Oscillatory convection of a colloidal suspension in a horizontal cell

The finite difference numerical simulations performed are for convection of a non-uniformly heated colloidal suspension (Hyflon MFA) filling a horizontal cell of finite length. The cell has solid and impermeable boundaries and is heated from below. A linear temperature distribution is maintained at the side walls. Due to the negative effect of thermodiffusion (Soret) and gravity sedimentation, a heavy impurity is collected at the hot lower boundary, and convection transfers it inside the cell. The stable and transient oscillatory convection modes observed experimentally are analyzed. If the initial distribution of the concentration is uniform, then stationary convection occurs in the cell. As the concentration inhomogeneities accumulate, oscillatory perturbations begin to increase.

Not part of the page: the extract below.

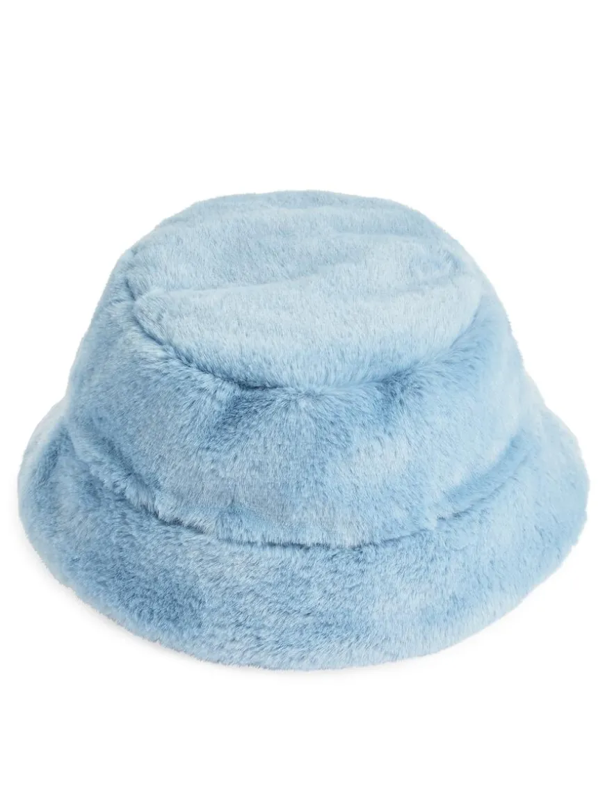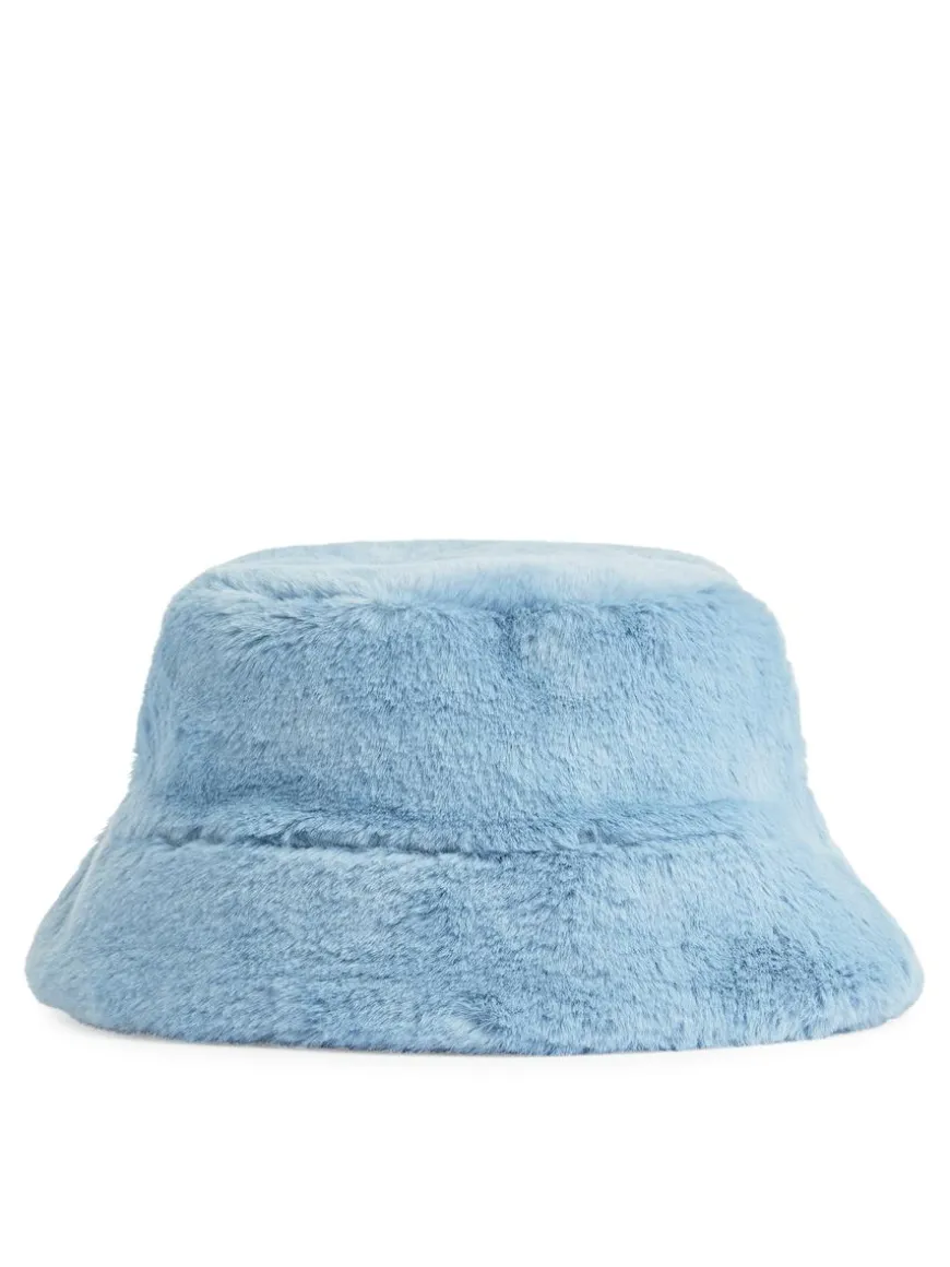 Soft and warming bucket hat in fuzzy pile. A fun accessory for cooler weather that adds texture and a splash of colour to the look.

A modulated traveling wave may form in the layer. Stable traveling waves are observed when the Rayleigh number exceeds a certain critical value, which depends on the cell length. There is a good agreement between the experimental data [1] and the results of numerical research. The spatial structure of the concentration field and the time evolution of the convective characteristics of the colloid suspension are determined. The behavior of the colloidal suspension in the regimes of modulated traveling waves and transient flows near the threshold of convection, including localized traveling waves and waves that change their direction, is simulated and elucidated. By analyzing the behavior of the world lines of the vortices and the concentration field, the mechanism of formation of defects in the form of vortex coalescence is clarified. In the process of defect formation, two vortices with the opposite direction of rotation are involved.